Did anyone ever tell you people how cool you are?
 
 
XXII:X:II = XXX
03:39 / 23.09.04
The point of contention, as I understand it, may be in what Jack means by "mind-blowing." Plenty of gorefest books have been recommended, but save for the squeamish that's not terribly mindblowing; if you're above the age of consent and read comics it's a good bet you've seen a graphical representation of a human evisceration or twelve. On the other hand, I'd say any work that evokes a sense of gnosis or otherwise existential epiphany is probably fair game. That's the interpretation I ran with. I didn't list my favorites, though there's some overlap, of course. A couple other series/books I think are appropriate:

Paul Auster, Paul Karasik & Dave Mazzuchelli's City of Glass, which has already been disparaged, is likely misunderstood as just an adaptation of Don Quixote into a modern, domestic context. What's overlooked is that Don Quixote is itself a meditation on the boundaries between fiction and reality. City of Glass does it one better by dissolving the visual language of the comic form in a way that supplements the source text into a more synaesthetic experience, at times separating characters from their words while at others making them prisoners of them, sometimes literally. It's a commentary on both the liberating and entrapping powers of language, and what happens to fictional characters after their stories are over.

Someone already mentioned Phil Hester & Mike Huddleston's The Coffin, and I recommend their sophomore collaboration Deep Sleeper, which began publication at Oni and just finished up through Image. Again, fiction begins to intrude into reality, and a man who's practically sleep-walked through life suddenly finds himself very much awake but unable to actually wake up.
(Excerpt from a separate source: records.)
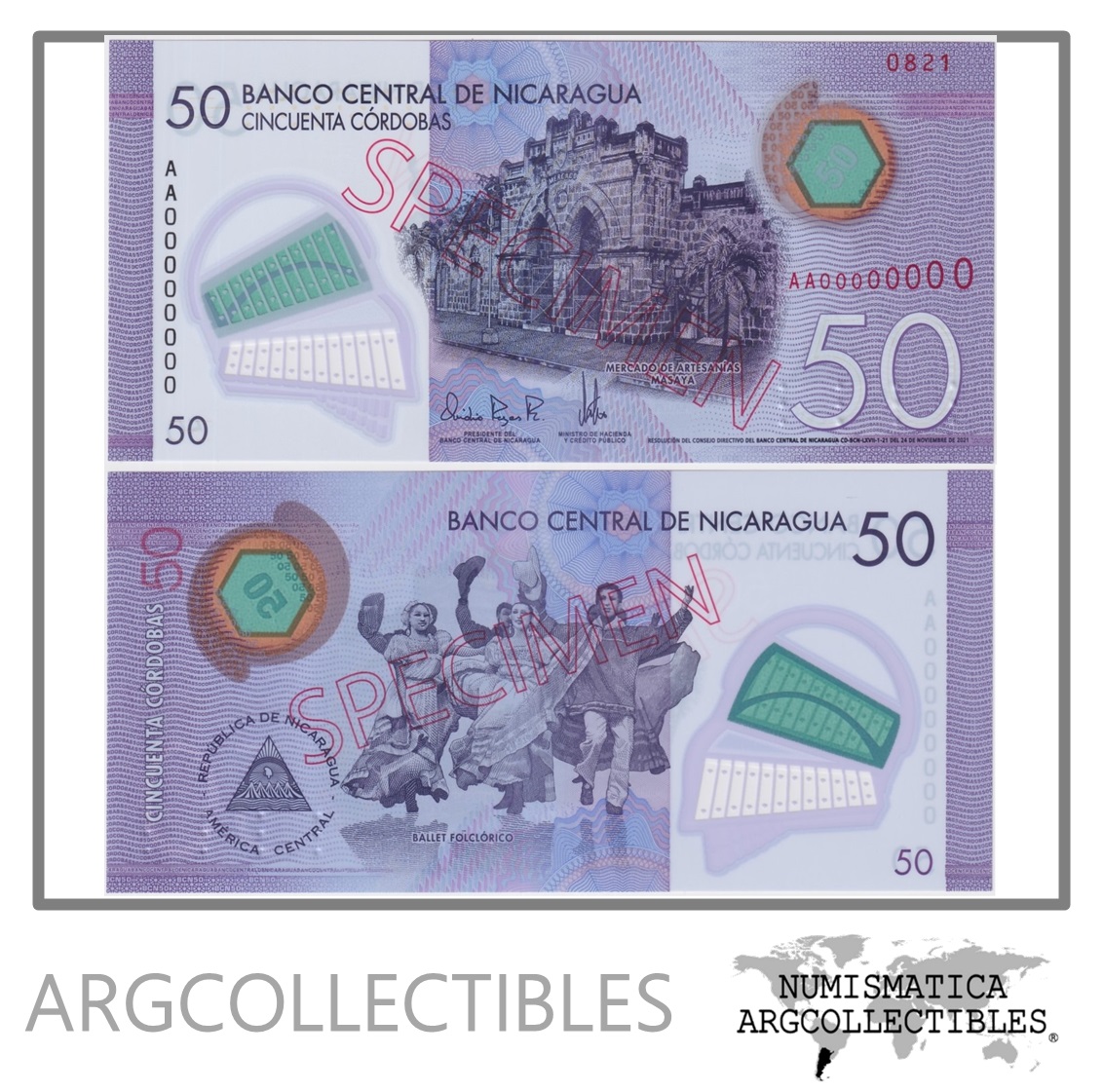 Nicaragua Billete 50 Cordobas 2021 P-211s UNC (Specimen)
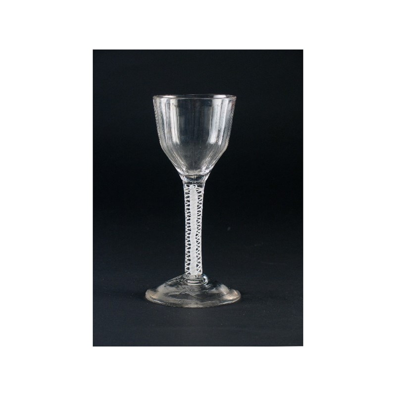 A wine glass, the bowl moulded with ribs on a double series opaque twist stem, c.1770, 15.5cm.
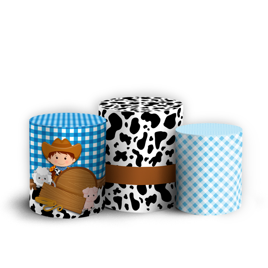 Trio Cilindro - Fazendinha Azul - Sublimado 3D + Elástico
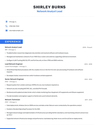 Build a professional network analyst lead resume in minutes. Browse through our resume examples to identify the best way to word your resume. Then choose from 5+ resume templates to create your network analyst lead resume.
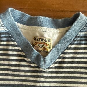 Vintage Guess Blue Striped V-Neck Tee Boys' L 16-18
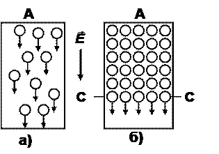 Представим, что на поверхности воды, налитой в плоский горизонтальный сосуд A, плавают заряженные частицы-шарики, которые в отсутствие внешнего поля совершают беспорядочные движения с различными скоростями.
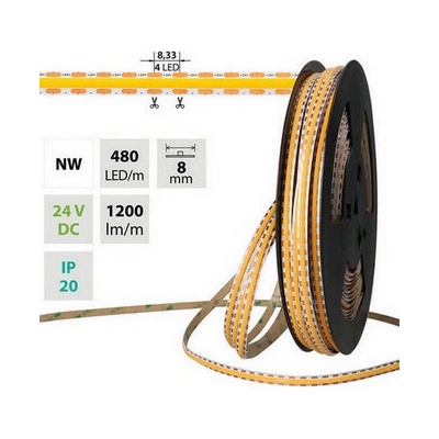LED pásek SMD2216, 2800-3100K (teple bílý WW), 7,2W, 120LED, 585lm/m, segment 50mm, 6LED/segment, IP20, DC 24V, životnost 54000h, šíře 4mm, bílý PCB pásek, max. délka pásku při...
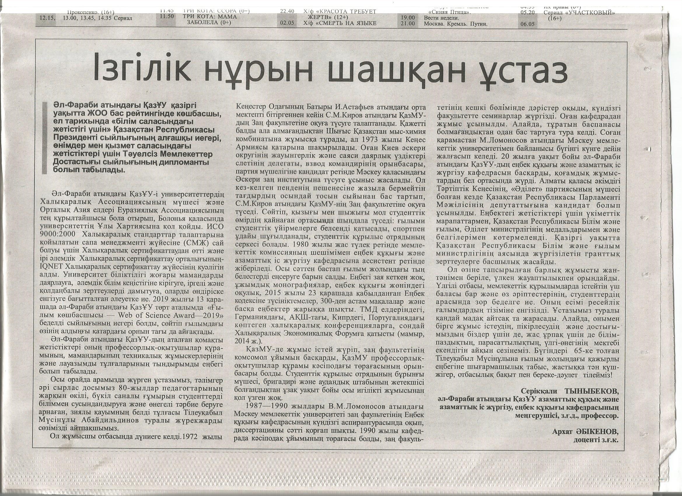| 8 | Университет алдыңғы қатарда | Z. Adanbekova, lecturer |
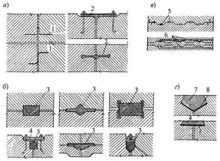 а - диафрагмы из металла, резины и пластических масс; б - шпонки и прокладки из асфальтовых материалов; в - инъекционные (цементация и битумизация) уплотнения; г - брусья и плиты из бетона и железобетона; 1 - металлические листы; 2 - профилированная резина; 3 - асфальтовая мастика; 4 - железобетонная плита; 5 - скважины для цементации; 6 - цементационные клапаны; 7 - железобетонный брус; 8 - асфальтовая гидроизоляционная прокладка Рисунок К.2 -Схемы основных уплотнений деформационных швов бетонных и железобетонных плотин 2.5 При разработке проектов ремонта уплотнений деформационных швов следует соблюдать следующие требования: - материал уплотнения должен непосредственно примыкать к бетону секций, образующих шов; - величина напряжения на контакте асфальтового или иного материала уплотнения с бетоном в рассматриваемом сечении должна быть не менее величины внешнего гидростатического давления воды в том же сечении; - средние градиенты напора фильтрационного потока через бетон по контуру уплотнений шва не должны превышать: для гравитационных и массивно-контрфорсных плотин - 25; для арочных и арочно-гравитационных плотин и для арочных напорных перекрытий многоарочных плотин - 50. 3 ОЦЕНКА РАБОТОСПОСОБНОСТИ ШВА И НЕОБХОДИМОСТИ РЕМОНТА ЕГО УПЛОТНЕНИЙ 3.1 Основными факторами, определяющими необходимость ремонта уплотнений деформационных швов, являются: - появление и нарастание фильтрации воды через шов; - разрушение уплотнений шва. - Причинами фильтрации воды через шов могут быть: - некачественное выполнение шва, его уплотнений или неудачная их конструкция, не отвечающая условиям работы шва; - неудачный выбор материала уплотнения, не соответствующего условиям и требованиям надежной работы конструкции; - старение, разрушение и вытекание (в случае мастичного) уплотнения шва и окружающего (формирующего) шов бетона. 3.2 Вода может фильтровать через бетон, поэтому прежде, чем принимать решение о ремонте уплотнений шва, необходимо выявить природу поступающей в него воды, степень водопроницаемости бетона в области шва, степень водопроницаемости уплотнений и самого шва. Степень водонепроницаемости бетона и деформационных швов в тонкостенных бетонных конструкциях оценивается визуально или при помощи установок и приборов для определения водопроницаемости (воздухопроницаемости) элементов бетонных и железобетонных конструкций в производственных условиях. Степень водонепрницаемости бетона в массивных сооружениях и доля в нем водонепрницаемости деформационных швов при решении о необходимости их ремонта может быть оценена: инструментально; путем сравнения расходов воды, вытекающей через соседние (аналогичной конструкции) швы сооружения. 4 МАТЕРИАЛЫ ДЛЯ РЕМОНТА УПЛОТНЕНИЙ ДЕФОРМАЦИОННЫХ ШВОВ И ТРЕБОВАНИЯ К НИМ 4.1 Общие требования 4.1.1 Для ремонта уплотнений деформационных швов обычно используются те же материалы, что и для их выполнения в период строительства: горячие и холодные асфальтовые, полимербитумные, полимерные мастики и горячие и холодные асфальтовые полимербитумные и полимерные растворы; инъекционные (заливочные) цементные, цементно-песчаные, полимерцементные, полимерминеральные и полимерные растворы; металлические листовые материалы; асфальтовые, полимербитумные и полимерные герметики; профильные резиновые уплотнительные л

In this story characters are trapped less by the semantics of their lives and more by their lives themselves. In the end, it asks whether it's better to live so consciously that you attain a sort of Christhood, or to sublimate enough to carry on the business of life.

Carla Speed McNeill's Finder is definitely one of those series that shows up on most of my lists, and for good reason: the art is wonderful, the characters are fully-fleshed, the world it inhabits is both wondrous and "real," and the ideas it plays with are broadly explored. In a recent storyline, a character named Magri White has become something of a human ISP, a virtual world made up of his rich internal fantasy life, that is so vivid that he's become less of a person than corporate property. Then another facet of his personality, an imaginary brother he'd long forgotten, begins dismembering vistors to this world, which does unpleasant damage to their actual neural pathways. Magri is desperate to rediscover who he is as an individual and make his dreams his own again, but forces out of his control put the kibosh on that. In this storyline the main protagonist of the series, Jaeger, is the image of Magri's imaginary brother, a connection to which has not yet been explained, and seeing as McNeill's comics hero is Dave Sim it may not be for quite some time yet.